**ACTIVITY:**
Nothing in the listing should be altered when it is copied, and no picture goes into the copy.

=== DATASET RECORDS ===

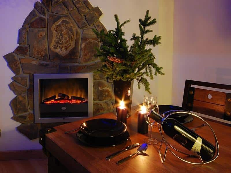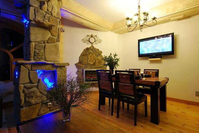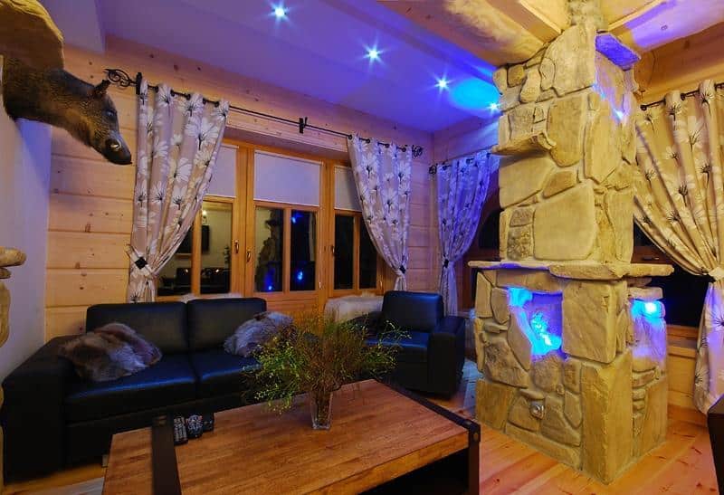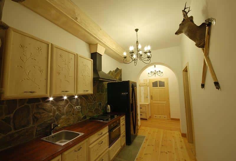 – Ściany ozdobione kamieniem naturalnym i porożem sarny.
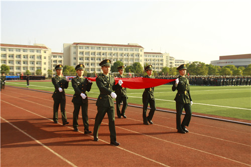 开幕式上,伴随着激扬的《运动员进行曲》,各方阵队依次走向主席台接受检阅,他们迈着整齐划一的步伐,手举旗帜,意气风发、步伐矫健,象征着运动健儿的勃勃生机。在庄严雄伟的国歌声中,五星红旗冉冉升起,运动员们神采奕奕,展示着新时代学子的如虹壮志和蓬勃朝气。
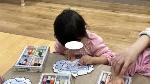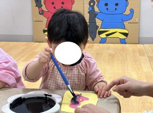 0歳児クラスのお子様もスタッフと一緒にお面を作りました。
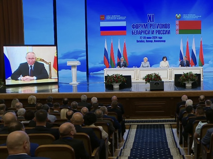 Встречи в таком формате стали по-настоящему доброй традицией, отметил Владимир Путин. Сам российский лидер, как и его белорусский коллега, ограничились видеообращениями к участникам Форума регионов, который в этом году принимает Беларусь.
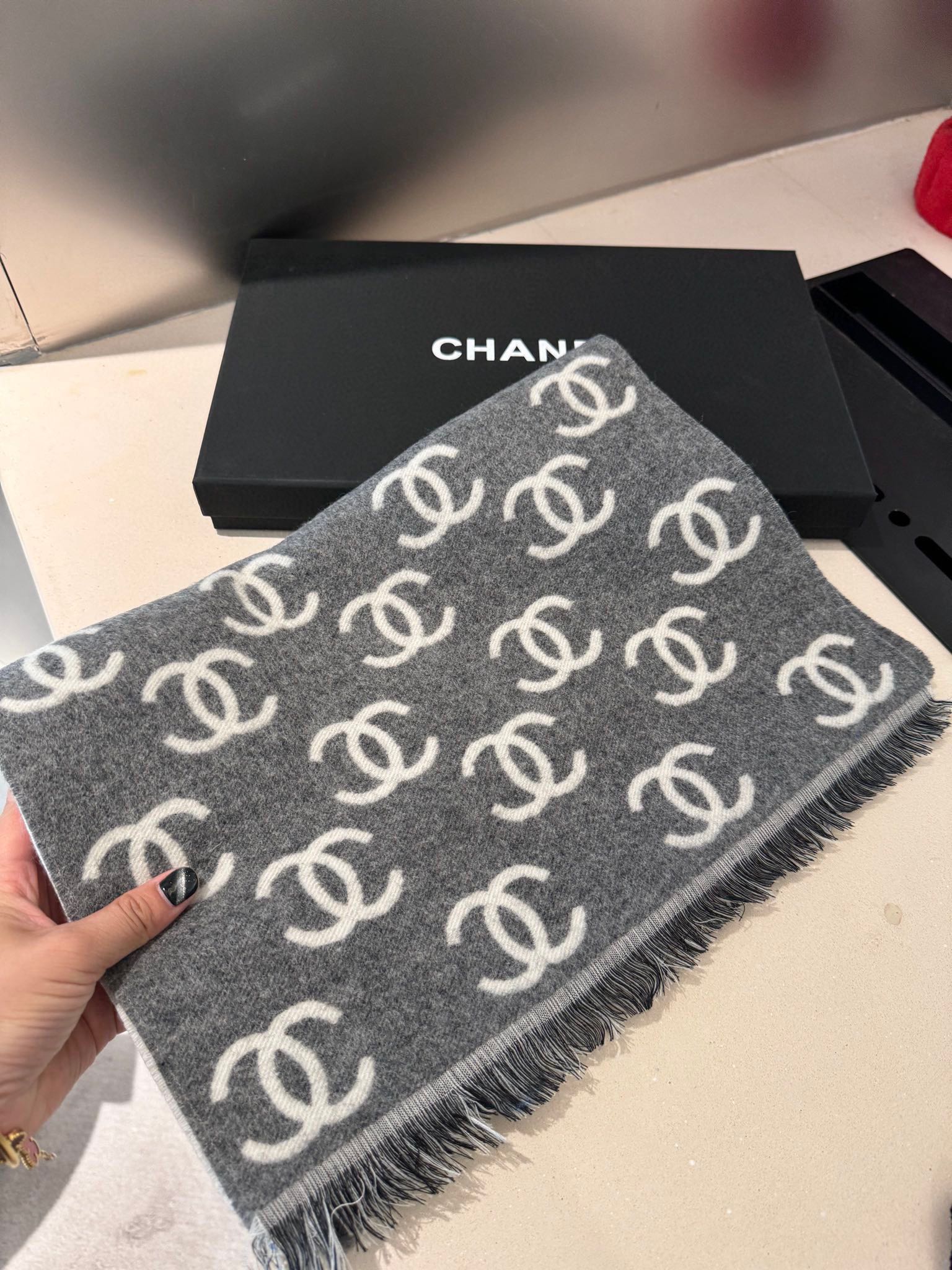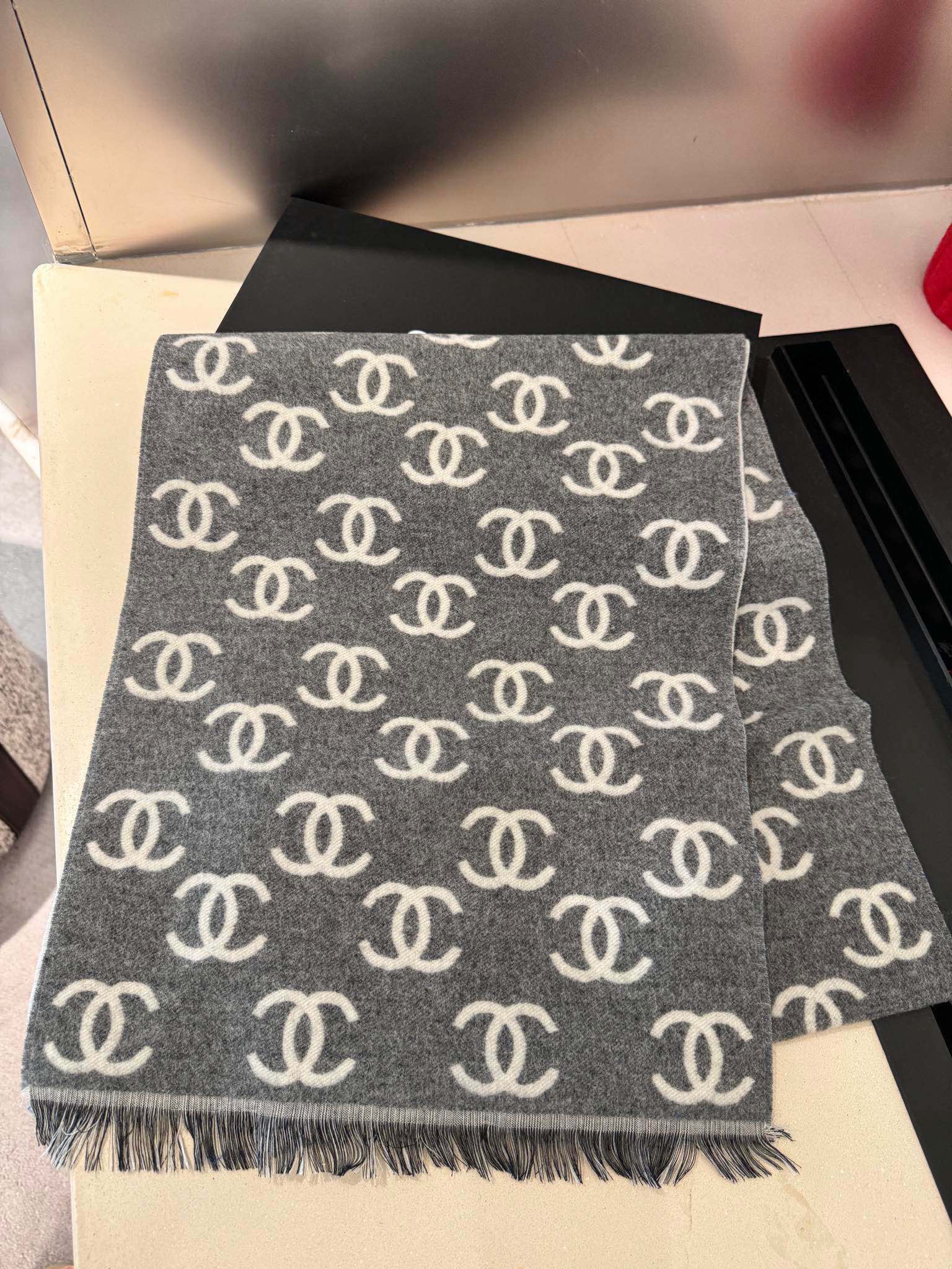 CC Scarf 180 CM In Dark Grey Mix Light Grey Print Logo Wool And Cashmere 359268
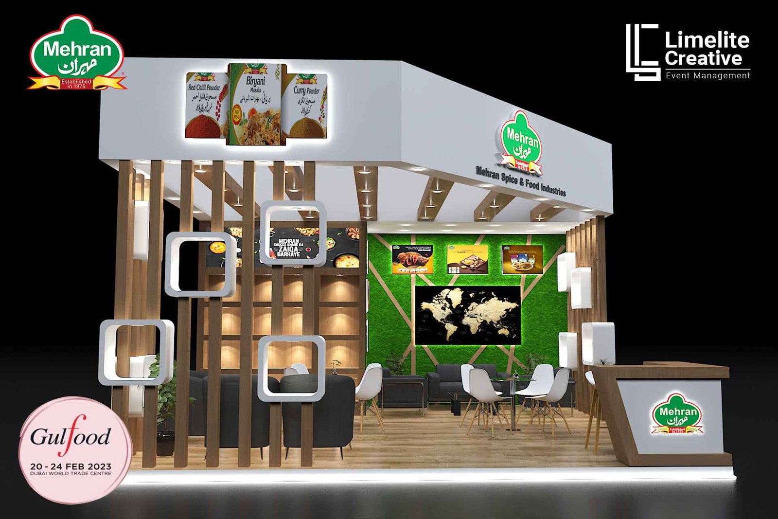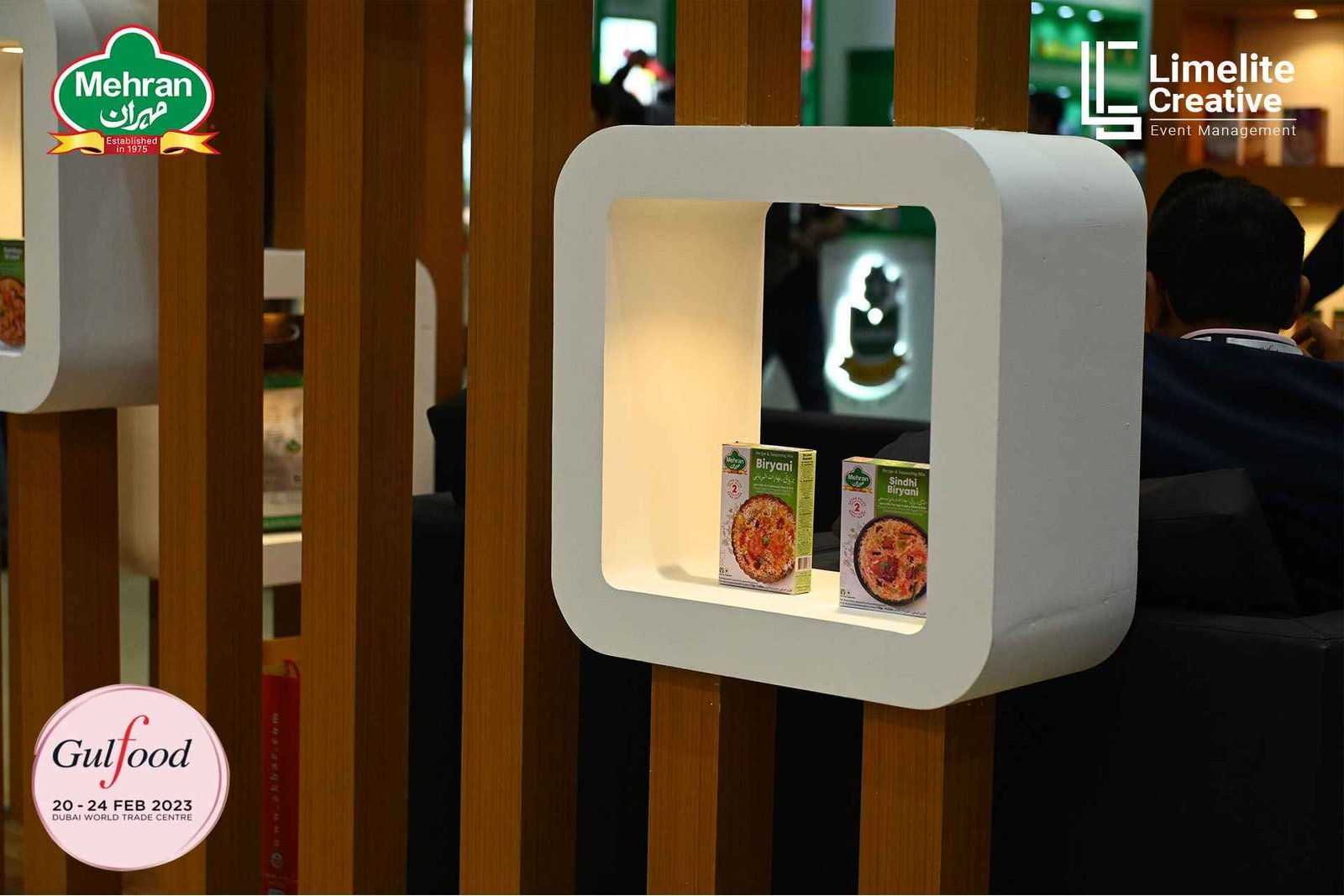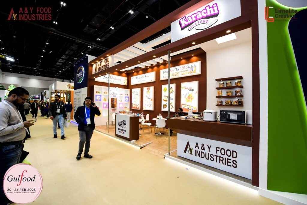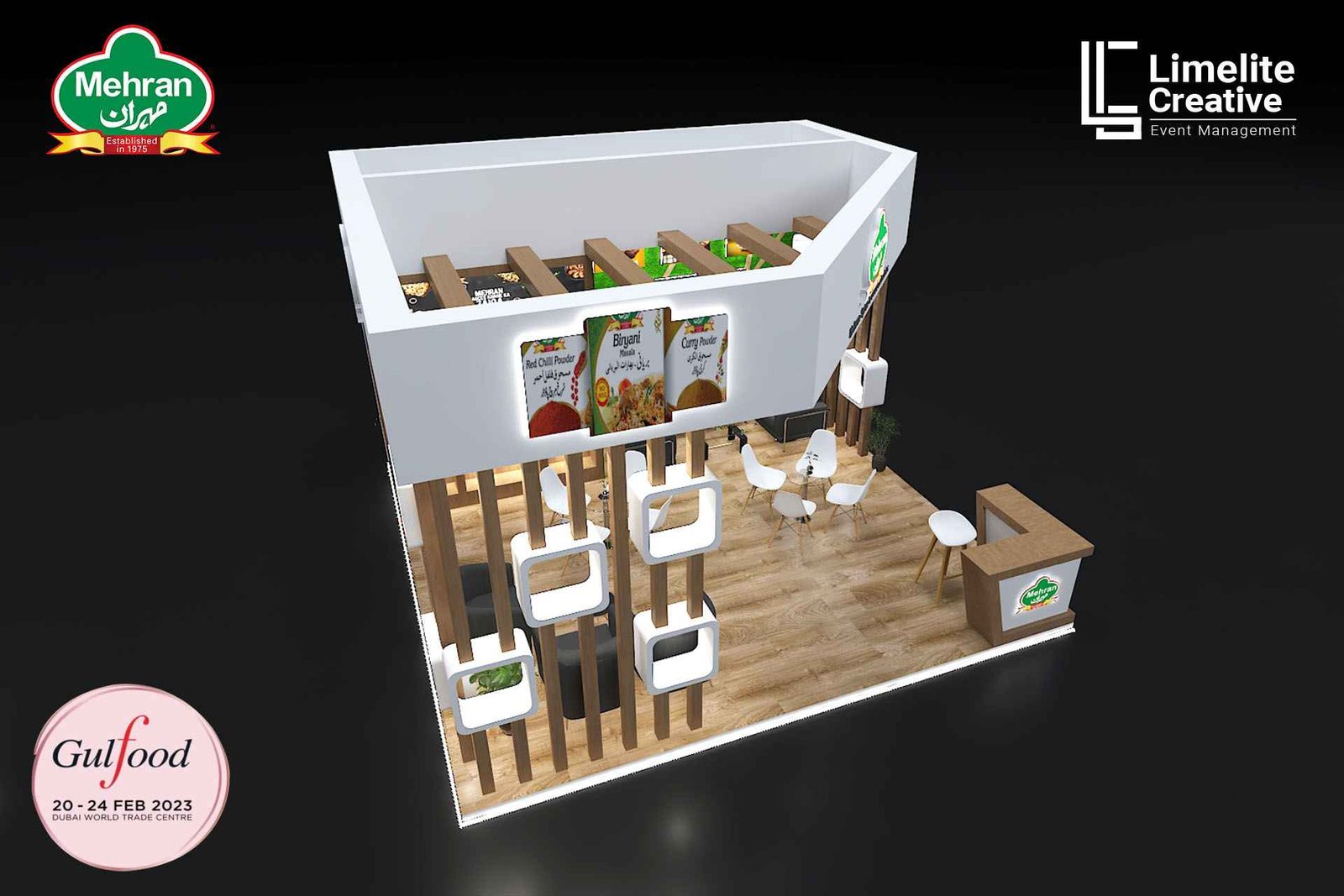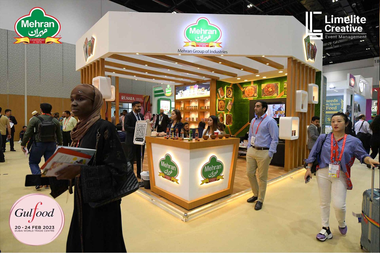 A spacious 14m x 6m booth for Shan Foods at Gulfood 2023, designed with premium branding, vibrant product displays, and an inviting layout to highlight their diverse food range and attract global visitors.
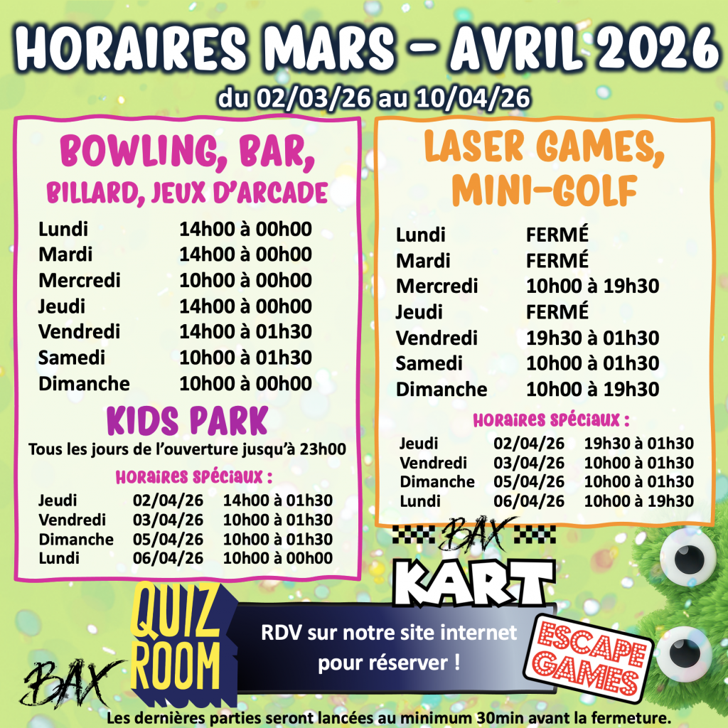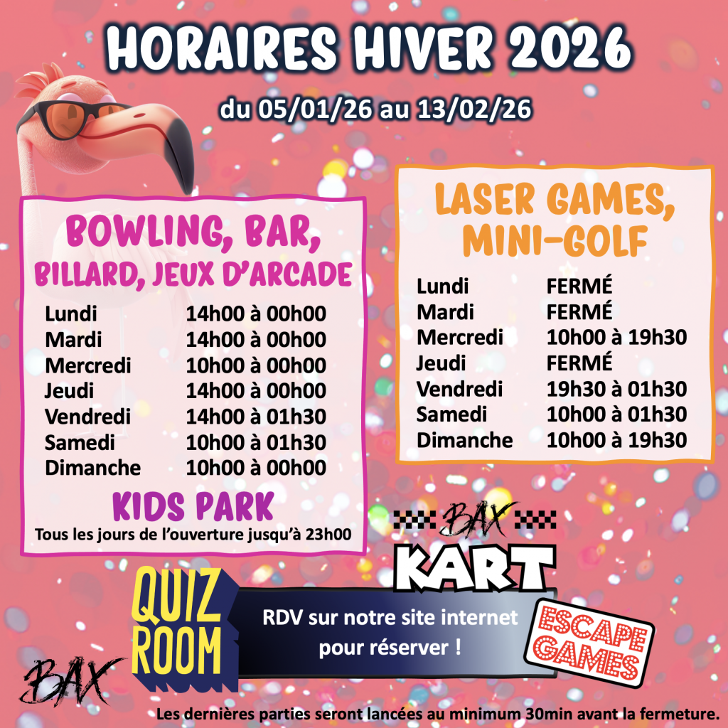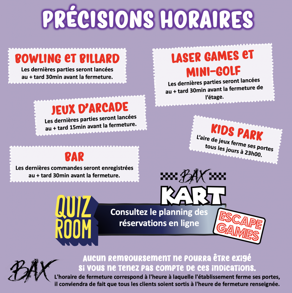 Dernières parties : environ 30 minutes avant la fermeture.
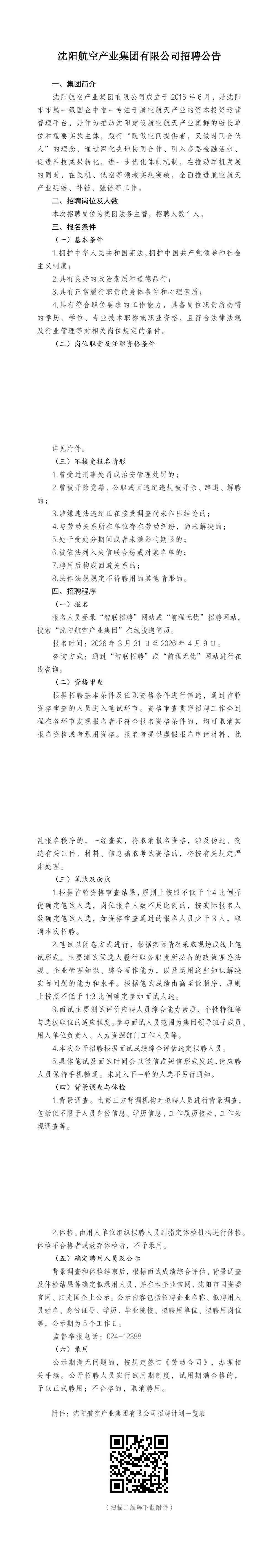 沈阳航空产业集团有限公司招聘公告

===

**ANSWER BOX:**
 – Ściany ozdobione kamieniem naturalnym i porożem sarny.
 开幕式上,伴随着激扬的《运动员进行曲》,各方阵队依次走向主席台接受检阅,他们迈着整齐划一的步伐,手举旗帜,意气风发、步伐矫健,象征着运动健儿的勃勃生机。在庄严雄伟的国歌声中,五星红旗冉冉升起,运动员们神采奕奕,展示着新时代学子的如虹壮志和蓬勃朝气。
 0歳児クラスのお子様もスタッフと一緒にお面を作りました。
 Встречи в таком формате стали по-настоящему доброй традицией, отметил Владимир Путин. Сам российский лидер, как и его белорусский коллега, ограничились видеообращениями к участникам Форума регионов, который в этом году принимает Беларусь.
 CC Scarf 180 CM In Dark Grey Mix Light Grey Print Logo Wool And Cashmere 359268
 A spacious 14m x 6m booth for Shan Foods at Gulfood 2023, designed with premium branding, vibrant product displays, and an inviting layout to highlight their diverse food range and attract global visitors.
 Dernières parties : environ 30 minutes avant la fermeture.
 沈阳航空产业集团有限公司招聘公告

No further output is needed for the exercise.